# shack reviews?



## princess (Sep 21, 2010)

Not an Issue, per se... maybe a question and or a suggestion?

Does the SMF have a place for us to put/read restaurant/BBQ reviews? I travel an awful lot and would love to see where other folks have gone so that I could check them out.

Cheers!

-Princess


----------



## que-ball (Sep 21, 2010)

I think this is a great idea for those who travel.  I personally don't so I wouldn't use it, but thought it was worth a bump.

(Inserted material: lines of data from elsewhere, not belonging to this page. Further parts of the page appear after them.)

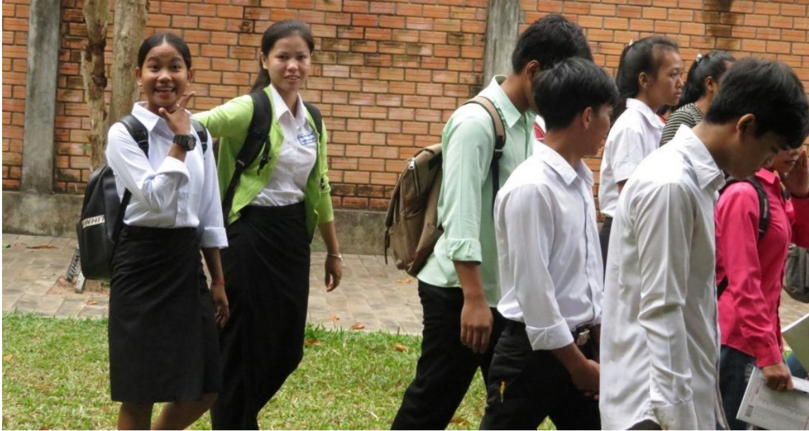
S y CH walking in the present towards their futures !!!.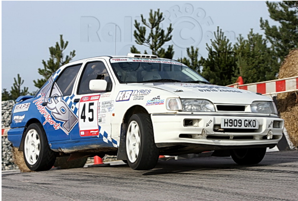
Dave Boden (a BARS licence holder)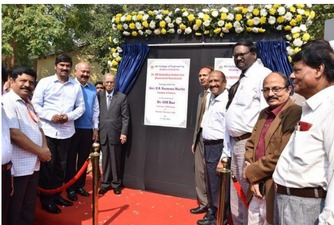
7. Renovated and Remodeled 'Dr. B.R. Ambedkar Auditorium' at AU College of Engineering.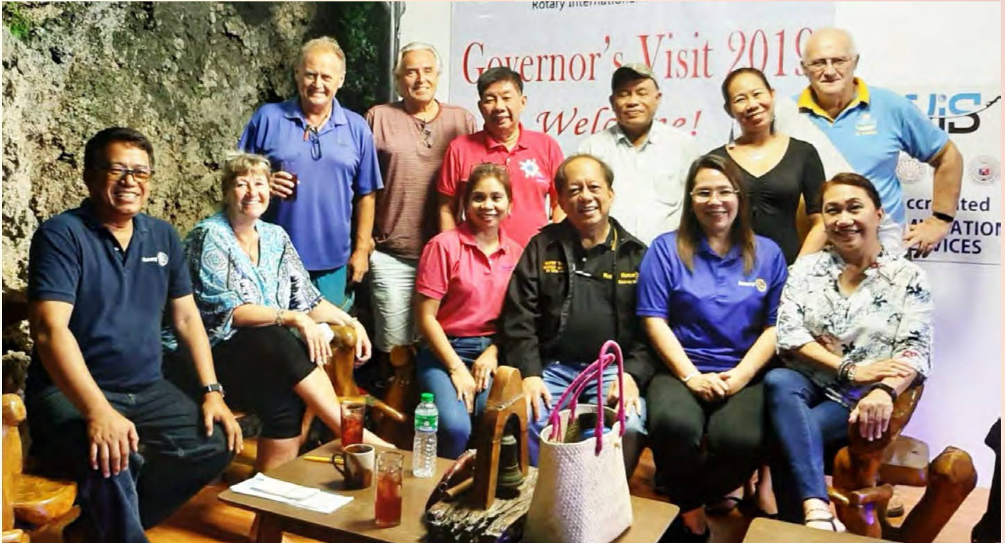
November 15, 2019 - Rotary Club of Boracay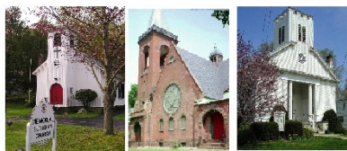
LUTHERAN PARISH OF NORTHERN DUTCHESS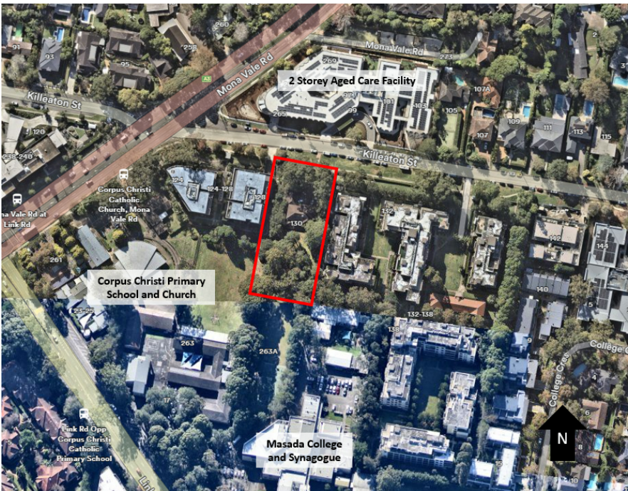
Figure 1 – The site highlighted red

The site is zoned SP2 Infrastructure (Educational Establishment) and is associated with the adjoining Church and Primary school. The site was previously owned by Corpus Christi Catholic Church and Primary School prior who used it for education purposes.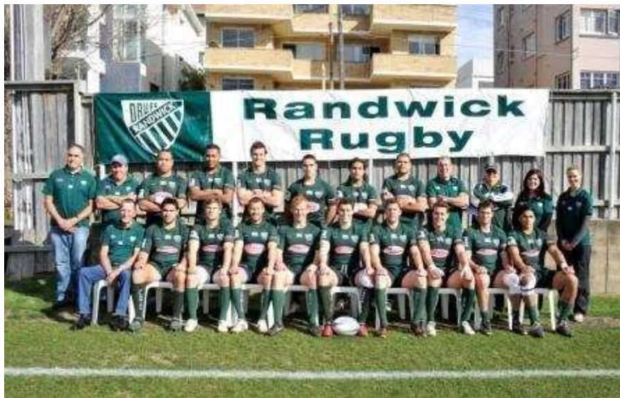
First Grade Team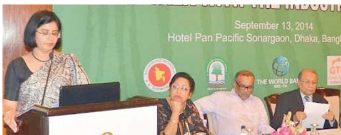
At the 2nd Global Tiger Stocktaking Conference in Dhaka, Bangladesh

I have seen threads where posters have described good or bad reviews of eateries they've visited, but no special place for them.  It seemed like most of these reviews tend to be negative, just because our homemade always seems to be one or two notches better.


----------



## mballi3011 (Sep 21, 2010)

I also travel some for works to. Where are you going to Princess. I have gone to west palm beach in Fl. There's some nice retuarants on A1A near the beach the crusier isa good sandwich joint. But that's about it for WP. Now if you are going to Mobile Al. there's a couple of really good seafood places. The best and it's not fancy but it has some of the best fries seafood I had in a while. It's called "The Boiling Pot" then there is the "Crab Pot" at the battleship park that's good too. A little more woidy toidy but if you want the 3 forks and 2 knifes type of place try "The Clam Shack". I was by myself on that job. So I didn't have to drag a crew. So there is a place here I thought but I can't find anything either. I would maybe post where you are going to and I'm sure that you will find someone thats seen it been there eat that. I have been all over mainly the east coast so let me know and I'll try to help you.


----------



## princess (Sep 21, 2010)

I primarily cover what my employer considers The MidWest Corridor:

Milwaukee, WI

Troy, MI

Detroit, MI

Grand Rapids, MI

Chicago, IL

Elgin, IL

Merrillville, IN

Indianapolis, IN

Columbus, OH
Louisville, KY

Charleston, WV

(and sometimes.....)

Baton Rouge, LA

New Orleans, LA

Atlanta, GA

Seattle, WA

Chatsworth, CA

New York, NY

Long Island, NY


mballi3011 said:


> I also travel some for works to. Where are you going to Princess. I have gone to west palm beach in Fl. There's some nice retuarants on A1A near the beach the crusier isa good sandwich joint. But that's about it for WP. Now if you are going to Mobile Al. there's a couple of really good seafood places. The best and it's not fancy but it has some of the best fries seafood I had in a while. It's called "The Boiling Pot" then there is the "Crab Pot" at the battleship park that's good too. A little more woidy toidy but if you want the 3 forks and 2 knifes type of place try "The Clam Shack". I was by myself on that job. So I didn't have to drag a crew. So there is a place here I thought but I can't find anything either. I would maybe post where you are going to and I'm sure that you will find someone thats seen it been there eat that. I have been all over mainly the east coast so let me know and I'll try to help you.


----------



## rdknb (Sep 21, 2010)

I would enjoy that too. and wow you do travel


----------